The two had split 1-1 in their previous matches this season. Fernau was driven by that memory.
“We wrestled in the dual at the start of the year, and I had a couple of good takedowns and I beat him there,” Fernau said. “At Ironman, I was able to get to his legs a lot, but I was not able to finish.
“The game-changer today was I got to his legs and this time I finished.”
Ranked No. 5, Fernau improved his record to 27-8. The conference meets effectively launches the state series. Establishing momentum is crucial.
“You always go through ups and downs during the season,” he said. “I lost to a kid I should have beat a couple of weeks ago, and I kind of brought myself down. Lately, I have had a couple of confidence boosts.
“Just getting back on my feet and grinding and building, that is my focus. I feel like I am better now than I was all season.”
Drousias and Montini junior Nain Vazquez are practically sparring partners. The 120-pound championship marked the fourth time this season the two have confronted each other.
Vazquez stunned Drousias 4-2 in that early dual meet. The memory also sparked Drousias in his 3-1 victory Saturday.
Nothing ever stays the same. The best always have to adapt on the fly.
“We are so familiar with each other,” Drousias said. “Anybody can beat anybody on any given day.
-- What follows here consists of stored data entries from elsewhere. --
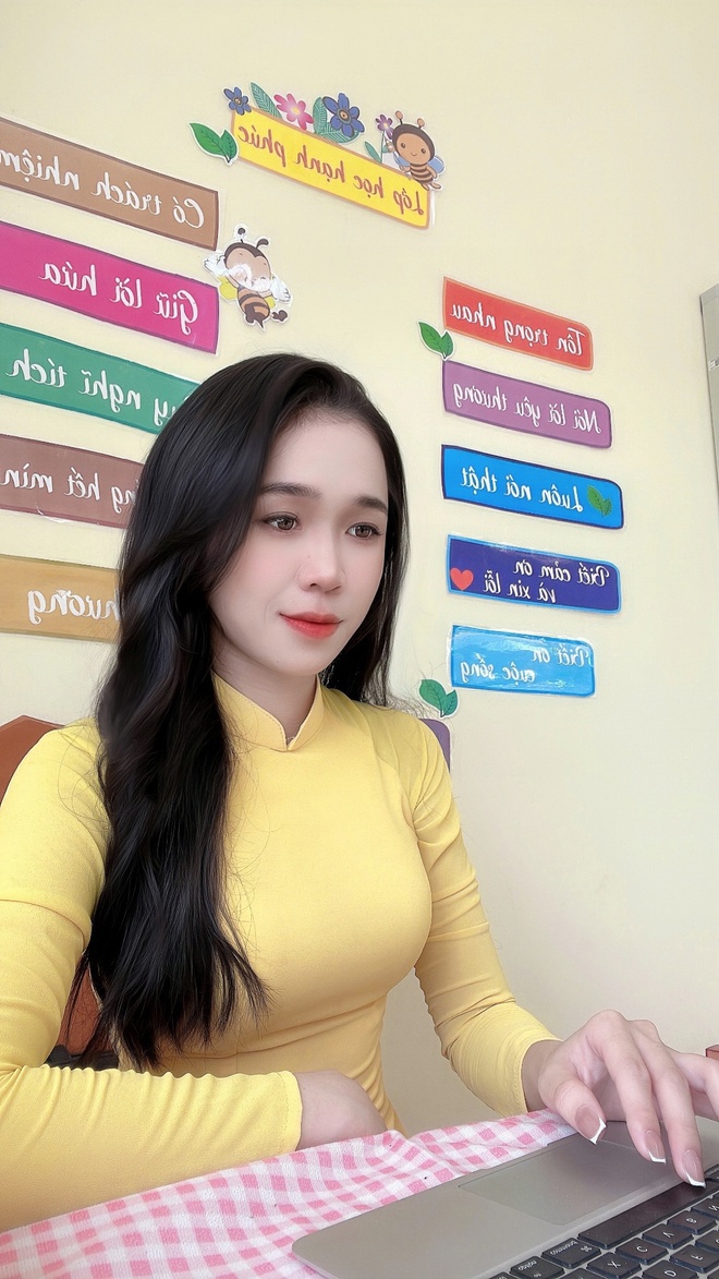 Cô giáo chúng ta đang nhắc đến ở đây có tên là Huyền Trang (SN1998), hiện đang công tác tại một trường tiểu học tại Đồng Tháp. Với gương mặt xinh đẹp, dáng người cao ráo và quan trọng nhất là style đi dạy "10 điểm không có nhưng", cô giáo Gen Z này đã hút một lượng follow không nhỏ. Ai nấy đều tỏ ra thích thú mỗi khi xem các clip cùng hình ảnh khoe outfit lên lớp của Huyền Trang, bởi lắm khi thấy cô đi dạy cả tháng còn chẳng trùng bộ nào. Trong số đó, bộ sưu tập áo dài của cô là ấn tượng nhất.
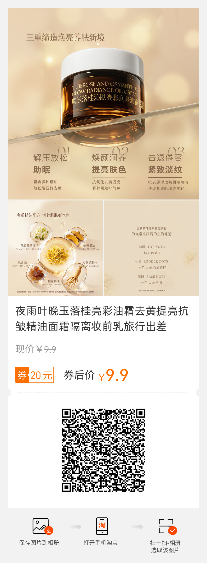 夜雨叶 晚玉落桂 亮彩油霜 去黄提亮 抗皱精油 妆前乳
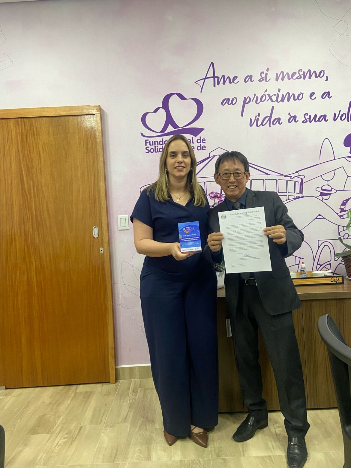 Após a conquista do primeiro lugar na Gincana dos Servidores Solidários, a Câmara de Suzano recebeu uma placa e um ofício do Fundo Social de Solidariedade parabenizando pela arrecadação de 15.198 fraldas infantis na competição. A entrega foi feita na tarde de sexta-feira (14), ao presidente do Legislativo, Artur Takayama (PL), pela primeira-dama Déborah Raffoul Ishi.
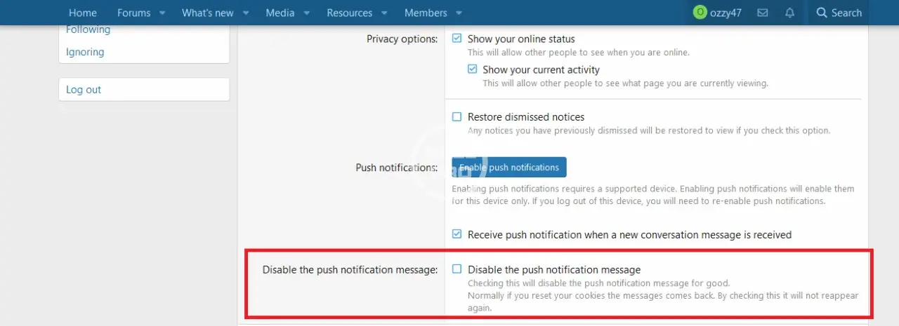 - allow your users with the proper permission to disable the annoying "push notification" message.
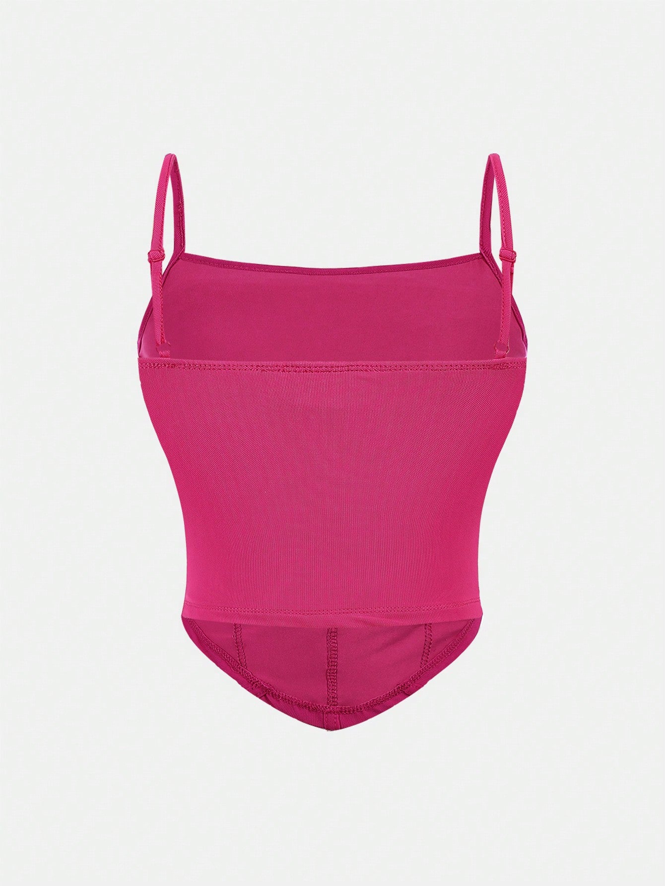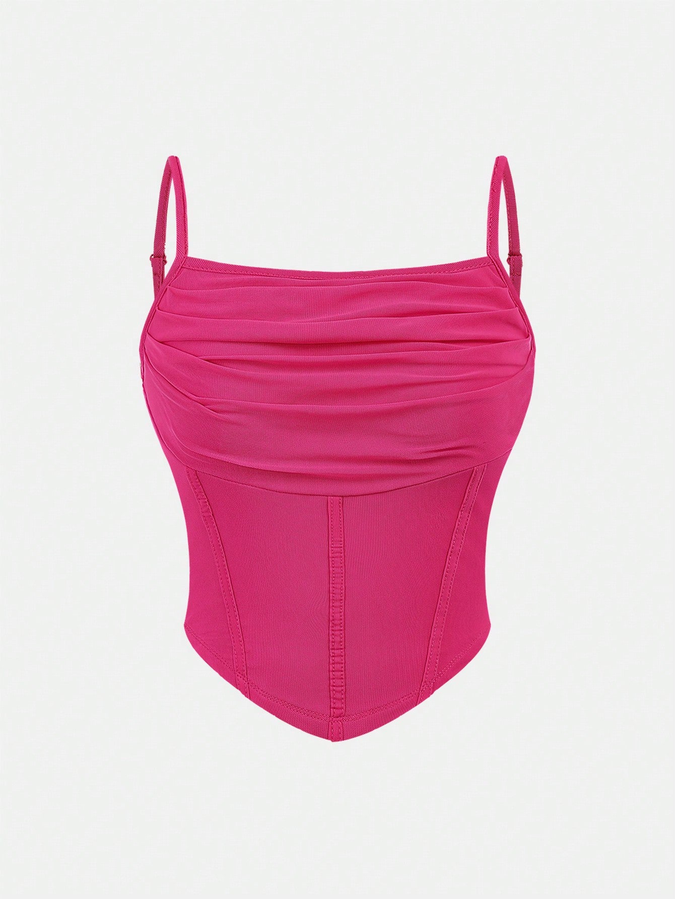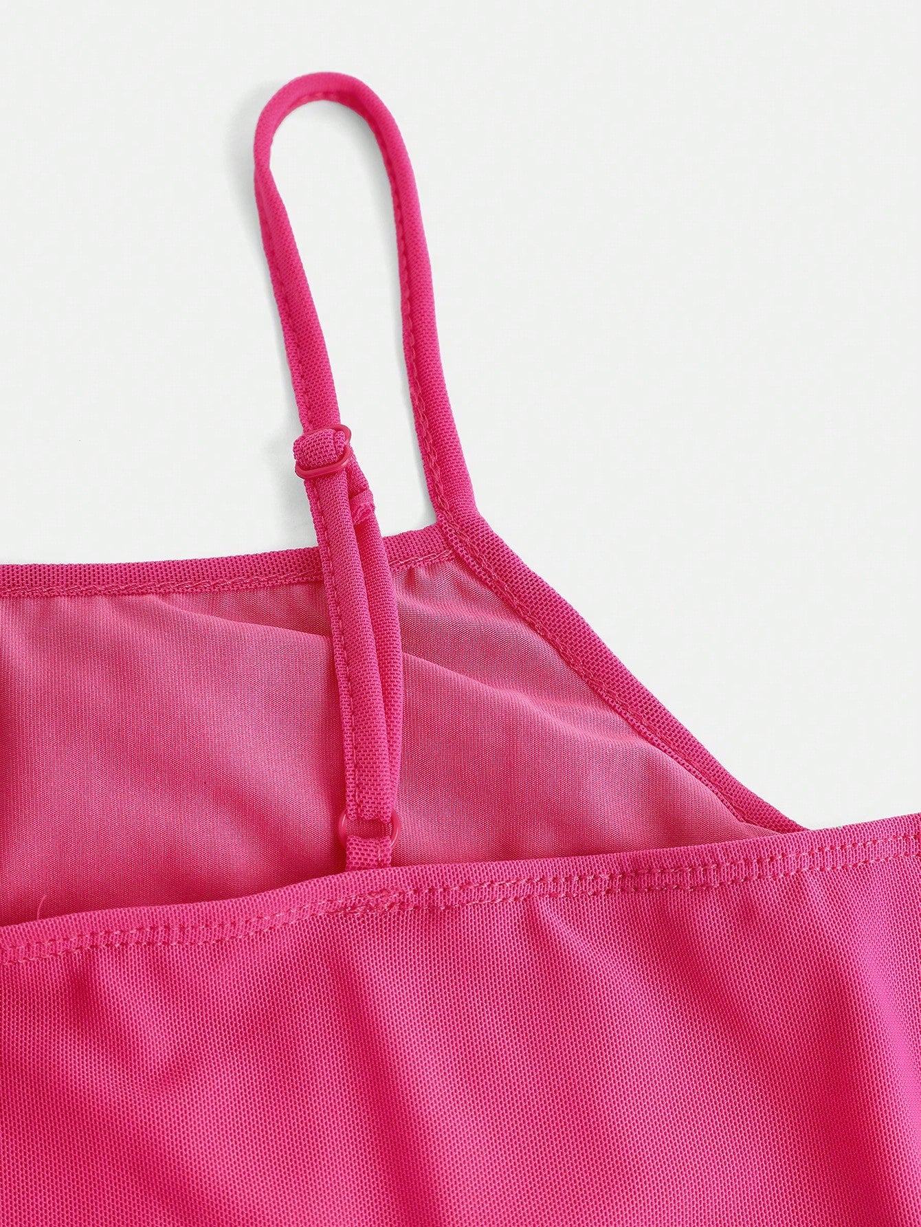 SHEIN Blusa casual de tirantes de punto con fruncidos y malla tejida para adolescente

I knew what I had to do as far as attacking, and what I had to do in the match.
“That early match of the year when he beat me, that has stuck with me the whole season. That motivated me to go into every single match doing whatever I had to do to beat him so I never have that feeling again.”
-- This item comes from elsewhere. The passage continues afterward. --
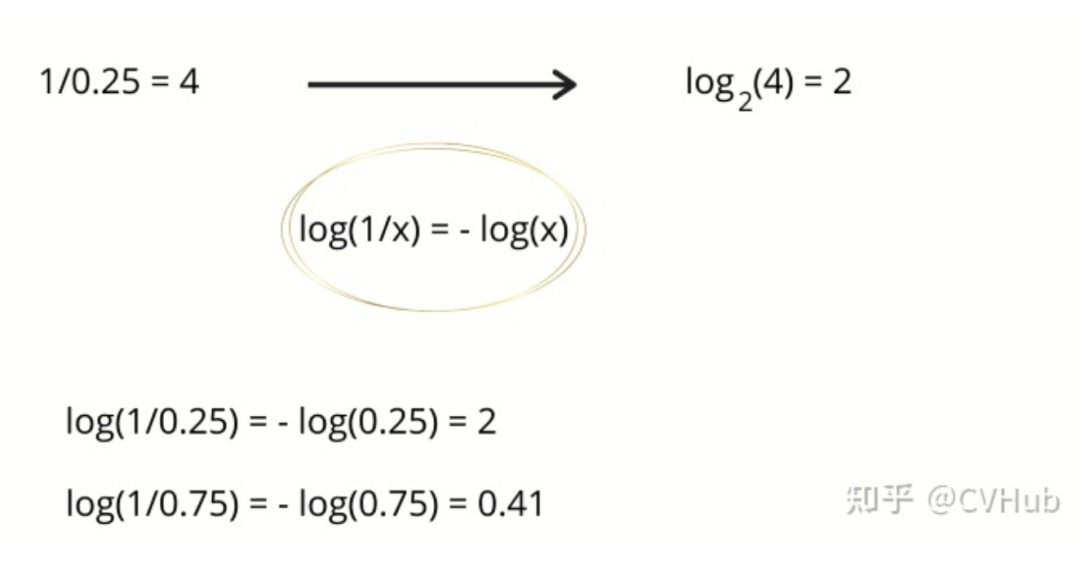 现在,如果气象台说第二天会下雨,那么你的不确定性就降低了4倍,也就是2比特的信息。不确定性的减少就是事件概率的倒数。在这种情况下,25%的倒数是4,log(4)以2为底得到2。因此,我们得到了2位有用的信息。
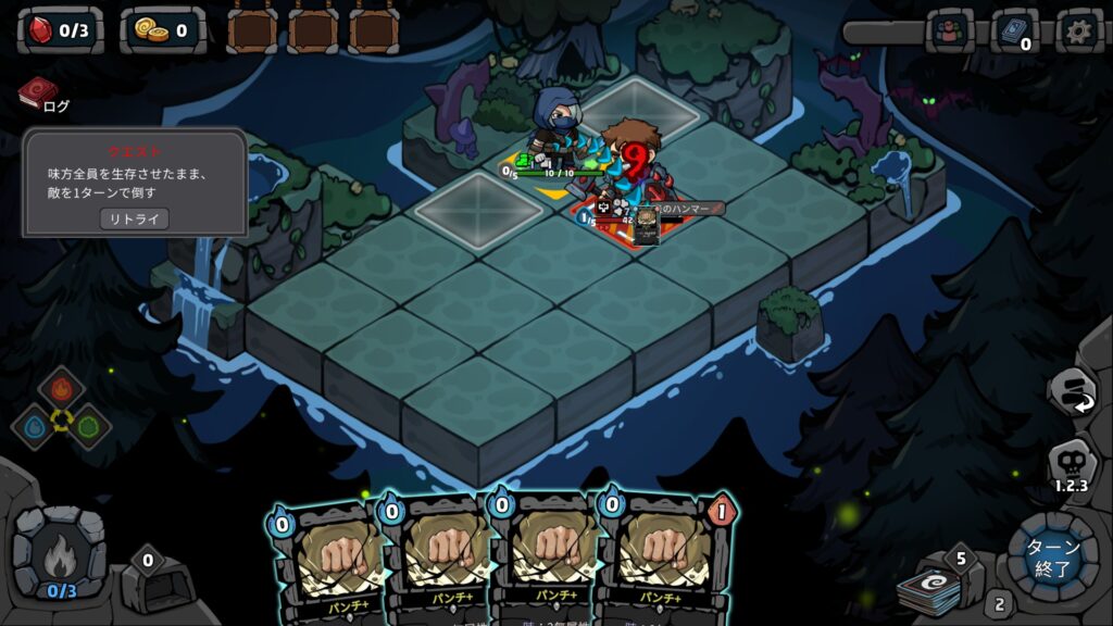 このほかカードで射程性能も違います。デモ版では遠距離攻撃はハンターしか使えません。

Mis secured the Caravan’s other individual title with his 5-1 victory Montini junior Ethan Stiles at 132 pounds. He improved to 28-3.
“I just wanted to make sure there was no debate,” Mis said. “I was just out to prove that I was best kid in the bracket. I was aggressive the whole match.”
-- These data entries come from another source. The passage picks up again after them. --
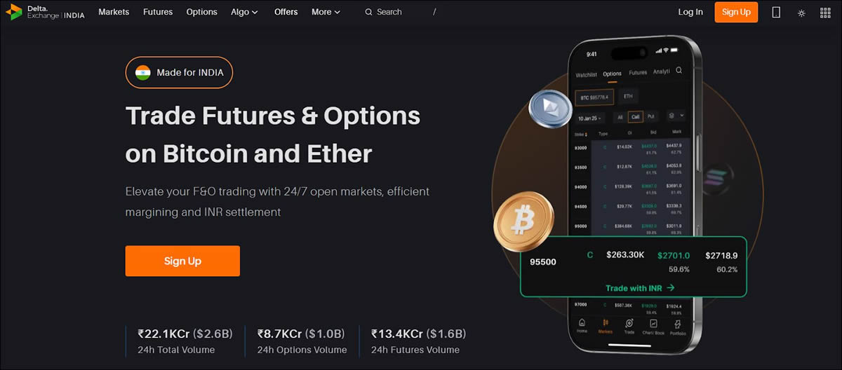 Delta Exchange是加密货币期权交易的热门选择,尤其适合印度及其他地区的交易者。它提供比特币和以太坊的欧式看涨和看跌期权,全球用户以USDT结算,印度用户则以印度卢比结算。
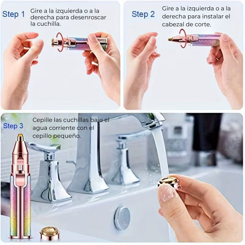 - Contenido del paquete: 1 Removedor, 2 Cabezales, 1 Cable de carga DC 2mm, 1 Cepillo
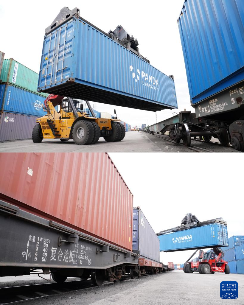这是6月14日在二连浩特口岸集装箱作业区拍摄的回程中欧班列换装现场,上图为工作人员将集装箱从外方1520毫米宽轨列车上卸下,下图为工作人员将集装箱装载到中方1435毫米标准轨列车上(拼版照片)。

From there, Montini ostensibly ran the table. In almost every instance, the Broncos’ wrestlers were able to bend the moment to their will, dictate the tempo or establish a more dominant rhythm.
Dylan Ragusin interrupted the Marmion and Mount Carmel runs with a dominant run at 126 pounds. He pinned Marmion sophomore Tyler Perry in 1:49.
Braden Stauffenberg (138), Fidel Mayora (145), Joe Roberts (152), Brayden Thompson (160), Cooper Wettig (170). Swier (182), Nathan Wemstrom (195) and LaBarbera (220) punctuated the superb team performance.
The frightening part for the rest of the Class 3A field is that Montini is getting better. In the marquee title at 145 pounds, Mayora avenged an earlier defeat against Gaynor with the 2-1 victory.
Past performance is not always predictive of future results. Nothing ever quite stays the same. Mount Carmel is a great team in its right.
Now they are forced to play catch up.
“We have to get better every single day over the next month,” Tsirtsis said. “A couple of matches we wrestled really well. What was unfortunate is that we wrestled poorly on the bottom.
“We practice on it all the time, and the kids know what to do. That is not acceptable.”
Every Montini wrestler has a different style or mode of working. Swier epitomized drive, power and remarkable consistency by wreaking havoc on the field at 182 pounds.
Showcasing a staggering blend of athleticism, speed and power, he secured a pin against De La Salle senior Mikhel Teverbaugh in just 39 seconds. His record is now 31-6.
“I just wanted to wrestle very clear and direct, and not try anything special,” Swier said. “I wanted to be aggressive and be able to get to my attacks in the first period.”
LaBarbera sealed the comeback in the December dual meet. He completed the Montini run with the tactical and hard fought 1-0 victory over Mount Carmel’s Nik Mishka that improved his record to 30-8.
“My style is really about being calm, cool and collected,” LaBarbera said. “I can be explosive when I need to be. My main focus is maintaining my composure and never overreacting to anything that might happen out there.
“Especially at 220 pounds, not many kids in the country let alone the state are able to keep my pace. I know if I can pushing, pushing, pushing, kids are going to get tried and that is where they make mistakes and I am going to capitalize.”